Forty-five minutes into KRONs bread-and-butter 9 p.m. newscast, with the serious stuff safely out of the way, Gary Radnich, the stations resident alpha male sportscaster and its biggest star, is up to his usual mischief. His guest, his wife Alicia, has come on the show to read questions from viewers, and as part of the schtick, the ever-jocular Radnich is pretending to give her the star treatment. "OK, honey, I've given you a break to let you on the air here, but no matter what happens, you're not going to become a VJ," he tells her.
It's the latest in a barrage of good-natured jibes delivered by Radnich since the VJ model was unveiled (which includes his on-air needling of the station's "crack VJ coverage" and lightly mocking references to weekend sports anchor Vernon Glenn as "VJ Vern") that he shares with viewers as a kind of running joke.
And it's contagious.
At the end of the segment, after Radnich pitches it back to co-anchors Tom Sinkovitz and Pam Moore, and Moore allows as how she thinks Alicia is going to be "a star," Sinkovitz pulls out a phone from behind the anchor desk and chimes, "KPIX is on the line."
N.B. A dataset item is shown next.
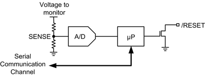透过数字方式也能够使用相同的监测装置功能。图 3 显示使用数字电路采用的相同电压监测装置。对于数字监测装置,仍然会划分出需要监视的电压,以提供模拟数字转换器 (ADC) 输入范围内的侦测电压 (SENSE)。接着 ADC 会将 SENSE 电压转换为微处理器可辨识的数字讯号。微处理器的 I/O 接脚可用来驱动开汲极 MOSFET,以提供重设讯号。数字监测装置可提供模拟监测装置所没有的功能。
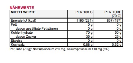 ½ Tube unmittelbar vor Leistungsbeginn anschliessend pro Stunde 1 Tube (ca. 50 g KH) einnehmen. Genügend Flüssigkeit dazu trinken. Dosis bei Leistungen von mehr als 3 Stunden je nach Bedarf steigern.

It's yet another inside joke for a station than can definitely use the humor. As KRON's fortunes under Young Broadcasting have declined, at least two dozen staffers have wound up at KPIX. "KRON has had some wonderful people, and we're lucky to have gotten some of them," says Dan Rosenheim, the KPIX news director, who was managing editor at the Chronicle before getting into television. So many KRON people have gone over to Rosenheim's station, whose downtown offices are near the eastern waterfront, those left behind refer to it as "KRON East."
Among those making the switch was veteran reporter Linda Yee, who shuffled to Channel 5 last November rather than stick around to see how the video journalism phenomenon unfolds. "I have lots of friends at KRON and they're doing what they have to do, but I didn't want to work there anymore because of the VJ thing," she says. Like other departed KRON staffers who do not have a high opinion of the VJ concept, she's reluctant to openly criticize her former station. "I still think of it fondly," she explains. Yee is part of a diaspora of veteran on-air talent who've fled KRON since the VJ model was first rumored. Other notables include investigative reporter Joe Ducey, who left for Phoenix, and reporter/anchor Ross Palumbo, who went to Los Angeles.
For many, the biggest blow came in January, when, after 33 years on the job, award-winning reporter Vic Lee, the dean of the KRON newsroom, left for KGO (Channel 7), even after management, in a bid to keep him from walking out the door, offered to exempt him from VJ duty. "When Vic left it was really crushing to a lot of us, both personally and professionally," confides Sinkovitz, the prime-time co-anchor.
Official word of the VJ switch arrived last May when Mark Antonitis, the station manager, gathered the troops into a first-floor conference room to break the news. "The station jammed the VJ thing down our throats," recalls an attendee, who didn't want their name used. "[Antonitis] pitched it in the name of improving the journalism, rather than cost-cutting, but that didn't impress many people."
Antonitis acknowledged that not everyone would embrace the VJ concept and for those who couldn't, "there is no dishonor in leaving," one attendee recalls him saying. "The higher-scale veterans took it as a clear signal to go and find other jobs," recounts one ex-staffer, who describes the video journalist program as "more the start of a purge than something visionary."